Mira has not stayed the same person across these eleven years. There was a long stretch when she was bedridden. There was a year, earlier, when she walked to the market alone every morning. There has been a slow, gentle bending of her curve downward, the way an eighty-three-year-old’s curve always bends. The literature would have predicted falls: one in three, every year, at her age. She has none in her file.
Not because falls were prevented through magic. Because of the thousand small adjustments. The medication that was reduced last August because her morning BP was running low. The shower stool installed in 2019 after a single near-stumble the housemaid mentioned in passing. The walking stick that arrived after a balance assessment found her sway was a fraction worse than the previous quarter. The night light in the corridor. The decision, three winters ago, to stop letting her bend down to put her own slippers on. The flu shot every October. The phone call the morning after a doctor’s visit, just to make sure she had understood the new dose. None of these prevented a specific fall. Together, accumulated over eleven years, they bent her curve.
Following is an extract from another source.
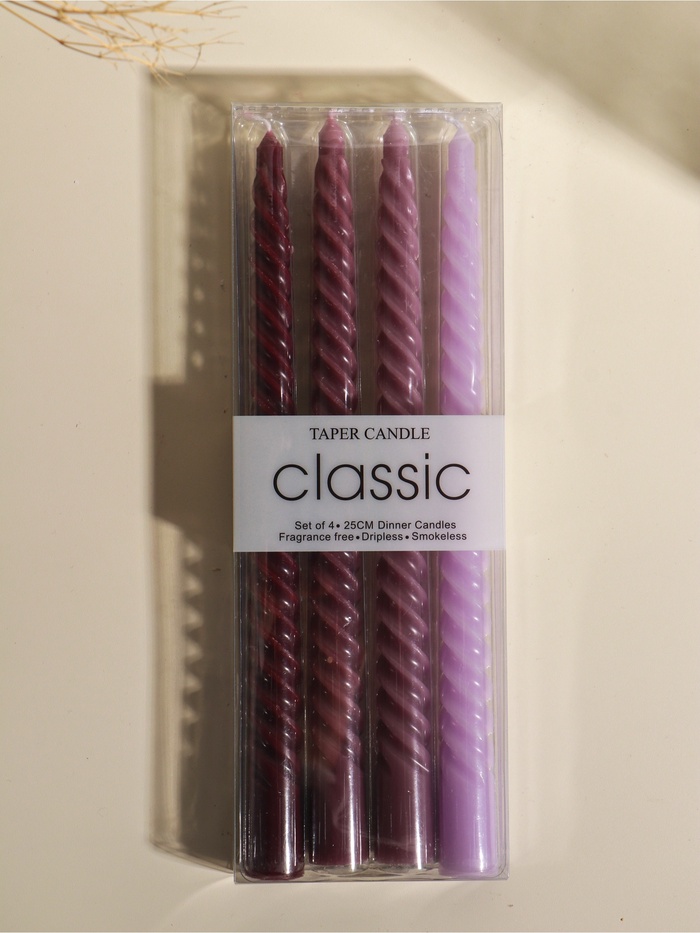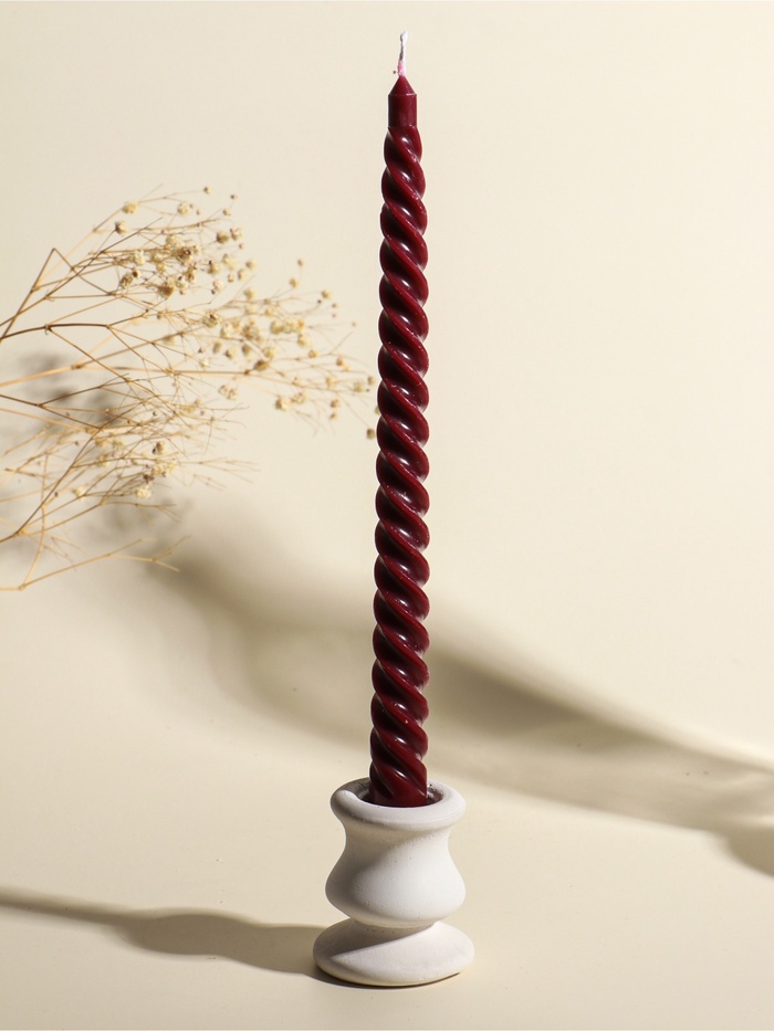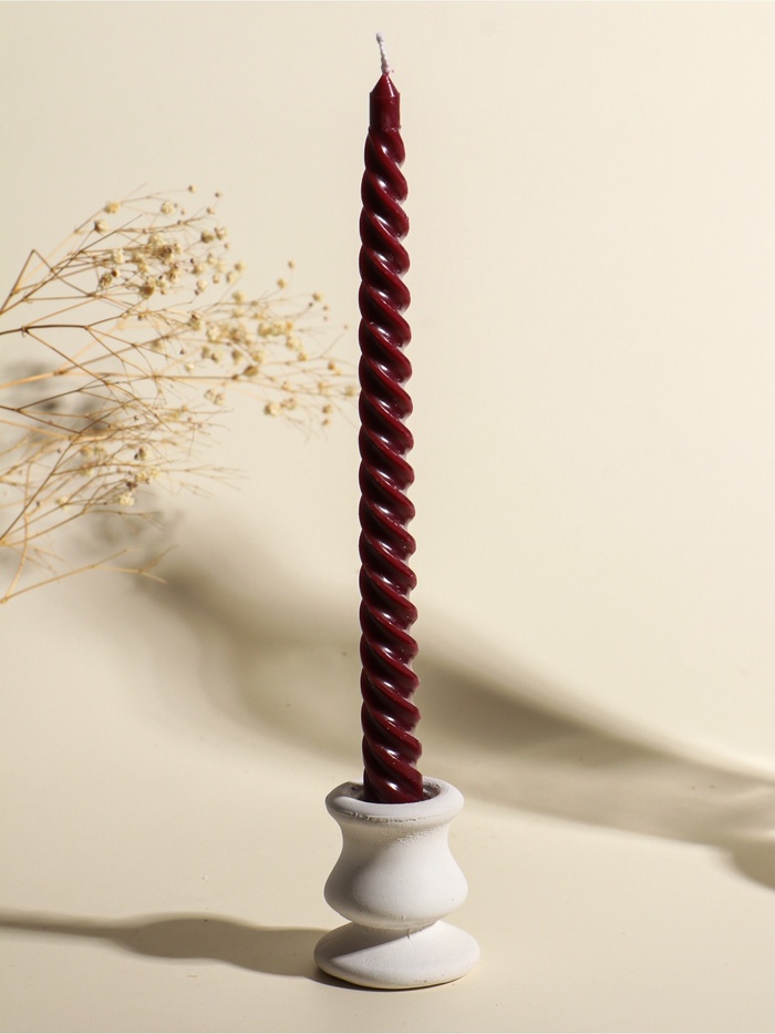 Этот набор витых свечей создаёт атмосферу уюта и спокойного торжества. Четыре высокие свечи насыщенного бордового оттенка стаятся в интерьере и при горении. Их плавные линии и глубина цвета придают пространству динамику и художественную завершённость.

This is the same shape as the Buffett chart. The first ten years of the chart look like nothing happened. So do Mira’s first ten years with us. From the outside, both look like a long stretch of paying for very little. From the inside, both are the only kind of work that compounds.
Mrs. Bose’s daughter-in-law called me a week after the fall. \”Ki dorkar chhilo eta,\” she said quietly. What was the need for this. She meant the fall. She meant the flight her husband had taken from Mumbai. She meant the bills, the new attendant they were now interviewing, the change in the texture of her mother-in-law’s life that had happened in five hours and would now last for years.
She did not yet mean what I think she will mean, eventually. The thing that was needed (the thing that would have prevented all of this) cost twelve hundred rupees and was offered to her six months ago. She had said let’s think about it after the puja.
It is easy to read this and conclude that families like Mrs. Bose’s are foolish, and families like Mira’s are wise. That is unfair to Mrs. Bose’s family, and untrue. Most of us cannot see compounding in domains we have not been trained to see it in. We have been trained to see it in money. Some of us have learned to see it in books, or in marriages, or in the disciplines of physical health. Care is the next domain. It is sitting there, waiting, with a curve to be bent. Most of us will only learn to see it after the fall, when we look back and notice that the curve was bending all along, and we were not paying attention to it because nothing dramatic was happening.
Their parents’ future is a curve. The curve is bent, not by what we do during the crises, but by what we do, and what we agree to do, when nothing seems wrong. The puja comes every year. There is always a reason to think about it after the puja.